The Data Driven Life

The Data Driven Life

By Meg Duggan, Johnson County LIVING WELL Magazine

We’ve all driven by those portable roadside digital signs that show the speed we’re driving. The vast majority of us react the same way, by tapping our brakes, checking our own speedometers and slowing down. These roadside signs are part of a feedback loop, a profoundly effective tool for changing behaviors.

Chances are, you are already doing some daily behavioral tracking by stepping on the scale, counting calories or balancing your checkbook. These actions constitute one portion of a feedback loop, but lack a relevant reminder that is critical for behavior change.

The widespread use of the internet, powerful computing devices disguised as phones, inexpensive sensors and accelerometers and the rise of social media now invite individuals to create their own highly sophisticated feedback loops. There are hundreds of websites and apps to help you track and quantify behaviors to make real and lasting changes to your life.

Athletes, dieters, people interested in improving their efficiency and those with chronic health conditions are among the most widespread users of these tools, but there are millions of people tracking millions of behaviors. People are using tracking devices and sites to be healthier, to improve moods and to become more effective in all areas of their lives.

There are specific sites for people with Parkinson’s disease, multiple sclerosis, amyotrophic lateral sclerosis, restless legs, and diabetes. These sites help those with chronic conditions understand how pharmaceuticals, nutrition, dietary supplements, exercise and relaxation techniques impact their symptoms and wellbeing.

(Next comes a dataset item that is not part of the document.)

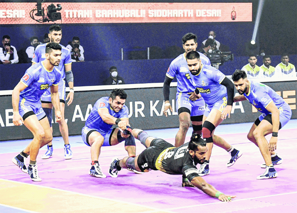 प्रारंभी तेलुगू टायटन्सने प्रभावी खेळ केला. त्यांच्या सिद्धार्थ देसाई व रजनिश यांनी चढाईचे महत्त्वाचे गुण मिळविले तर संदीप कंडोलाने उत्कृष्ट बचाव केल्याने आठव्याच मिनिटाला त्यांनी थलैवाजला ऑलआऊट करीत 7 गुणांची आघाडी घेतली. पण थलैवाजही टायटन्सला आघाडीसह पुढे सोडण्यास तयार नव्हते. भक्कम टॅकलिंग व हुशारीने केलेल्या चढायांमुळे गुणांचे त्यांनी अंतर कमी केले. मध्यंतरास 4 मिनिटे असताना मनजीतने 3 गुणांचा सुपर रेड मिळविल्यानंतर थलैवाजला टायटन्सना ऑलआऊट करण्याची संधी मिळाली. 18 व्या मिनिटाला ही संधी साधत त्यांनी 20-20 अशी बरोबरी साधली आणि मध्यंतराला 23-21 अशी किंचीत आघाडीही घेतली. उत्तरार्धात दोन्ही संघांनी टॅकल्सचा तोडीस तोड खेळ केला. मनजीत व प्रपंजन यांनी उत्तम रेड टाकत सुपर 10 मिळविले. थलैवाजने टायटन्सला दुसऱयांदा ऑलआऊट करून 5 गुणांची आघाडी घेतली. पण नंतर टायटन्सनेही देसाईच्या कामगिरीवर थलैवाजला ऑलआऊट केले. शेवटची दोन मिनिटे असताना थलैवाजने बरोबरी साधण्यात यश मिळविले. मनजीतला यशस्वी टॅकल करीत टायटन्सने हा सामना टाय राखला.

Athletes track many of the same things to improve performance. Dieters have long counted calories, but new apps allow them to keep track of what kinds of calories they take in and when, and how many calories they are burning. Self-trackers report that powerful insights and new motivating factors often come to light.

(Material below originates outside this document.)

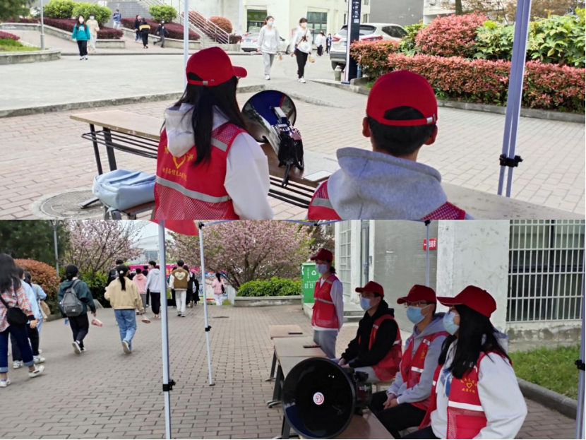 澳门十大信誉好的网站疫情防控志愿者通过扩音器向同学们宣传防疫知识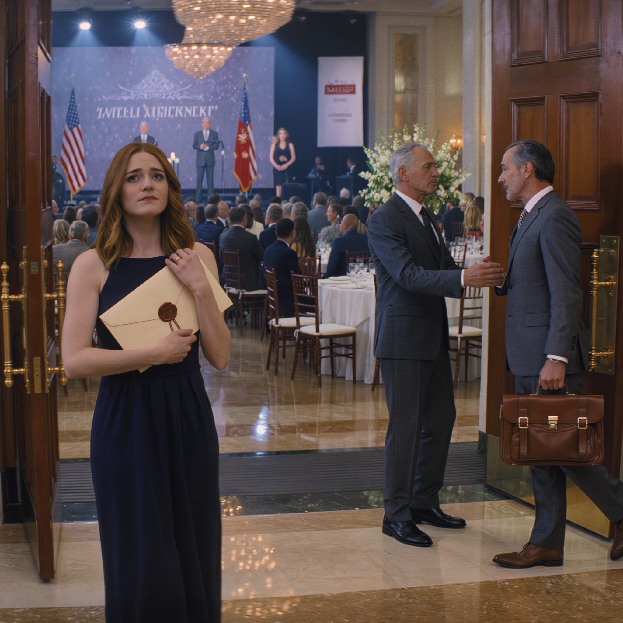 Het feest vond plaats in de grote balzaal van het meest exclusieve hotel van de stad. Driehonderdvijftig gasten waren uitgenodigd. Politici, rechters, rijke investeerders en prominenten vulden de zaal, die baadde in de warme gouden gloed van kristallen kroonluchters. Ik stond bij de ingang en trok nerveus aan de mouwen van mijn jurk. Het was een eenvoudige, zwarte jurk die ik zelf had gekocht. Mijn moeder had me uitdrukkelijk opgedragen niets te opvallends te dragen.

New tools are emerging daily. There are now tools that track our personal environments. We can measure the quality of the air in our rooms and the contaminants in our water. Tools like Digital Mirror use linguistic context tools to analyze our email and present us with data about how we communicate. We can track our attention by logging our productivity and measuring our attention spans.

If you want to make lasting life changes, replace the vagaries of intuition with facts gathered and driven by the accumulation of data.

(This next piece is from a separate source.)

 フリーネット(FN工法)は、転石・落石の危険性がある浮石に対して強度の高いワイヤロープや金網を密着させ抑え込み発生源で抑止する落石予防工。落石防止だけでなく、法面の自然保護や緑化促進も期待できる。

Here is a sampling of some sites to get you started! As you can see, there truly is something for everyone.

  • The Quantified Self is an excellent place to learn about tracking tools and devices, and to share experiences with hundreds of people who are attempting to change behaviors.
  • MedHelp.com is one of the largest internet forums for health information. Each month, more than 30,000 new personal tracking programs are started.
  • Livestrong.com has tools to improve health and fitness, and to quit smoking.
  • Fitbit is a neat little tool that you wear during the day to track your exercise, steps and calories burned, and at night to track your sleep. Zeo has a tracker in a small headband that picks up electrical signals from the brain, and then compiles that data into a detailed record of light sleep, deep sleep and REM sleep. Both FitBit and Zeo use Bluetooth technology to transfer your data from device to computer to be parsed and analyzed.
  • Rypple is an online platform for the office that allows users to set up private projects and goals, and to give and receive feedback.
  • GreenGoose uses wireless sensors and game mechanics to encourage a host of behaviors like brushing your teeth, riding your bike and walking your dog. Users get points as rewards for everyday actions and bonus points for consistency.

Remember, these sites and tools aren’t clinical trials. The goal isn’t to figure out something about humanity in general, but to discover something about yourself that you can use in a positive way to create changes in behavior!